PROJECT SUMMARY/ABSTRACT Coronavirus disease 2019 (COVID-19) is caused by severe acute respiratory syndrome coronavirus-2 (SARS- CoV-2) and has resulted in more than 1.4 million deaths globally. In contrast to other highly pathogenic influenza viruses, SARS-CoV-2 infection is characterized by low levels of type I interferons and over production of pro- inflammatory cytokines in patients. While concerted efforts have been made to understand the pathogenesis of this virus, how SARS-CoV-2 is able to evade the innate immune response is unclear.
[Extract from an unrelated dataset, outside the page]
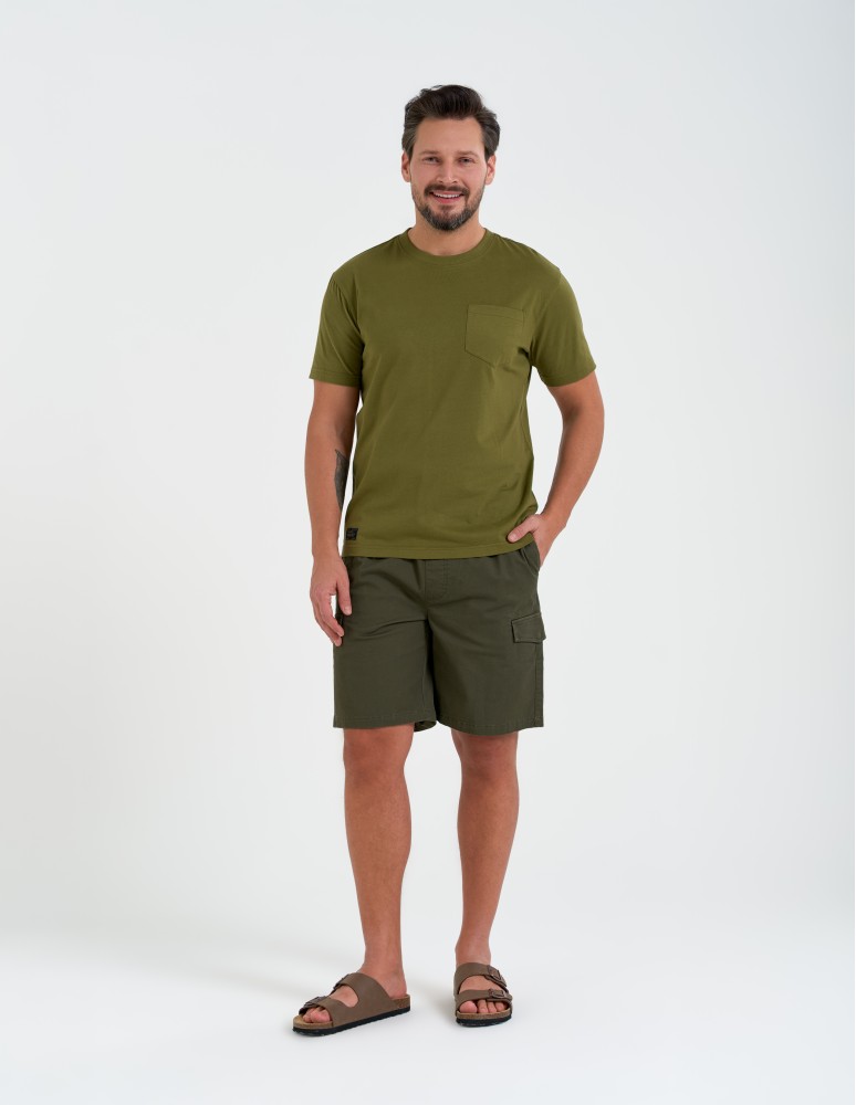 Spodenki męskie typu cargo to praktyczna i wygodna propozycja na co dzień, idealna dla mężczyzn ceniących funkcjonalność i swobodny styl. Klasyczny fason zapewnia komfort noszenia oraz łatwe dopasowanie do różnych stylizacji.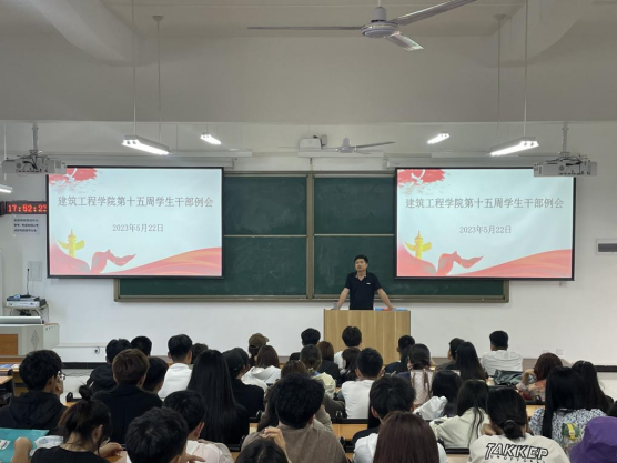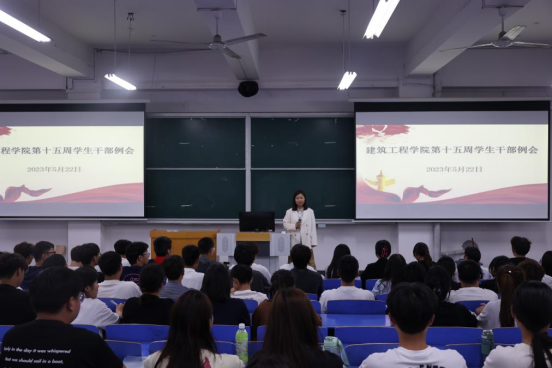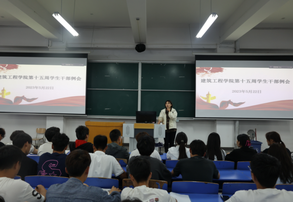 为提高学生干部积极性、主动性以及学生干部的综合素质,为学生提供更好的服务。2023年5月22日中午,建筑工程学院在郑州校区B201教室召开了第十五周学生干部例会(开封校区以视频形式在C201教室参加会议)。会议由建筑工程学院辅导员李慧杰主持,党总支副书记刘亚娟,辅导员宋春磊、李政、张慧以及学生会全体成员、各班班长和团支书参加此次会议。

The central hypothesis of this proposal is that the envelope (E) protein of the virus interacts with BRD4 in a bromodomain-dependent manner to disrupt the induction of host innate inflammatory and antiviral responses. This hypothesis is supported by the recent proteomic study identifying this interaction and the presence of a histone H3-like motif containing two lysine residues in the E protein. This model is also strongly supported by previous studies demonstrating BRD4 as an important transcriptional coactivator of interferon and inflammatory genes during viral infection. The central hypothesis will be tested in two specific aims: 1) To define the role of bromodomains in the interaction between SARS-CoV-2 E protein and BRD4. The working hypothesis is that the lysine residues of the E protein are acetylated and mediate interaction with the bromodomains of BRD4, acting as a histone mimetic. I will test this model with label-free mass spectrometry to identify acetylated residues in E protein and immunoprecipitation assays with domain constructs to characterize the interaction. 2) To determine the functional relevance of the SARS-CoV-2 E protein and BRD4 interaction on the viral replication. The working hypothesis is that the E protein acts as a histone mimetic to sequester BRD4 from chromatin thereby disrupting the transcription of pro- inflammatory and interferon genes. I will use CRISPR/Cas9-mediated BRD4 knockout cell lines and BRD4 reconstitution studies in infected cells to test this model. My analysis will also focus on the transcriptional activation of canonical pro-inflammatory and interferon genes along with the chromatin occupancy of BRD4 in the presence of the E protein through RT-qPCR and ChIP-qPCR studies. I expect my proposed studies to inform our fundamental understanding of coronavirus pathogenesis and provide novel therapeutic targets to combat SARS-CoV-2 infection and immune evasion.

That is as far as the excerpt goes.